12/19/2023, 9:17:07 AM

ことさらこの冬がそうであるようにと祈り続けている。普段祈りなどしないので祈りの作法に準じているかは知らない。
名も知らぬ神よ、私の声は、あるいは視線はそこまで届きますか。この2人が分かたれることがありませんように。ただそれだけです。この2人が互いを抱きしめ合う日が多くありますように。ただの2人でいても孤独であると知っている2人です。ただの2人でいても互いを分かち合えないと知っている2人です。だから隣り合うと決めた2人です。愛など知らないと嘯きながら、いまこの世で一番慈しみに溢れた2人です。

12/18/2023, 9:51:25 AM

ここでとりとめもない話をしはじめてもうすぐ100日になる。大体は創作の根やアクセントに後々使われるが、その日その日書くものなので、間接的に日記という機能を兼ねており、読み返せばその日何があったかを薄っすら思い出せる。
君がいなくなった翌日の朝の空気を思い出している。日々書き換えられていく記憶が、「これはあの日の朝の空気です」といった顔をどうにか取り繕って私にその瞬間を差し出す。その不確かで曖昧な記述や行動や現象に囲われながら、君の不在という確かな事実を抱きしめている。

12/16/2023, 2:19:32 PM

愛などお前は知り得ないくせに、優しさなどお前は持ち得ないくせに、その丸々とした眼から溢れるなみだがこの身に落ちて熱を奪う。
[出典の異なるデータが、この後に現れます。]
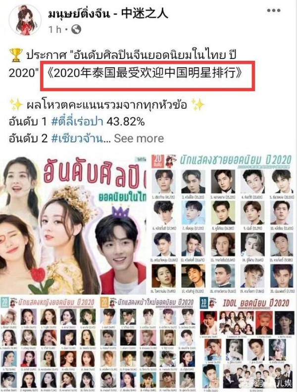 大家都知道韩国的粉丝追星非常狂热,相比韩国粉丝来说,泰国的粉丝们热情也非常的高,大家应该还记得在《陈情令》在海外播出期间,海外唯一的见面会就选择了泰国吧,当时的盛况相信很多人都还记忆犹新。2020年过去了,泰国网网友选举出了2020年泰国最受欢迎中国明星的,大家一起来看看吧。

この頭の痛みが、喉の痛みが、胃の痛みが、節々の痛みが、この部屋で唯一私たちの体を受け止めるゆりかごのようなソファに揺られている。地獄である。楽園である。ただの現実である。お前の人ならざるただの人の涙が、私をただの適温にし、ただの人にする。

12/15/2023, 6:06:00 PM

雪の降らない南国に雪の降る恋のうたがある。お前を待つときに何となく思い出す。歌えやしない。その土地の言葉とその土地の節で歌われるそれはどうにも難しい。だからお前を待つときに何となく思い出している。目の前にいないお前を想像のなかに描くのはそのくらい難しい、という話だ。だから消えないでくれよ、という話でもある。うたえないうたのために何となしに宙で指揮を振る。お前を待っている。お前を。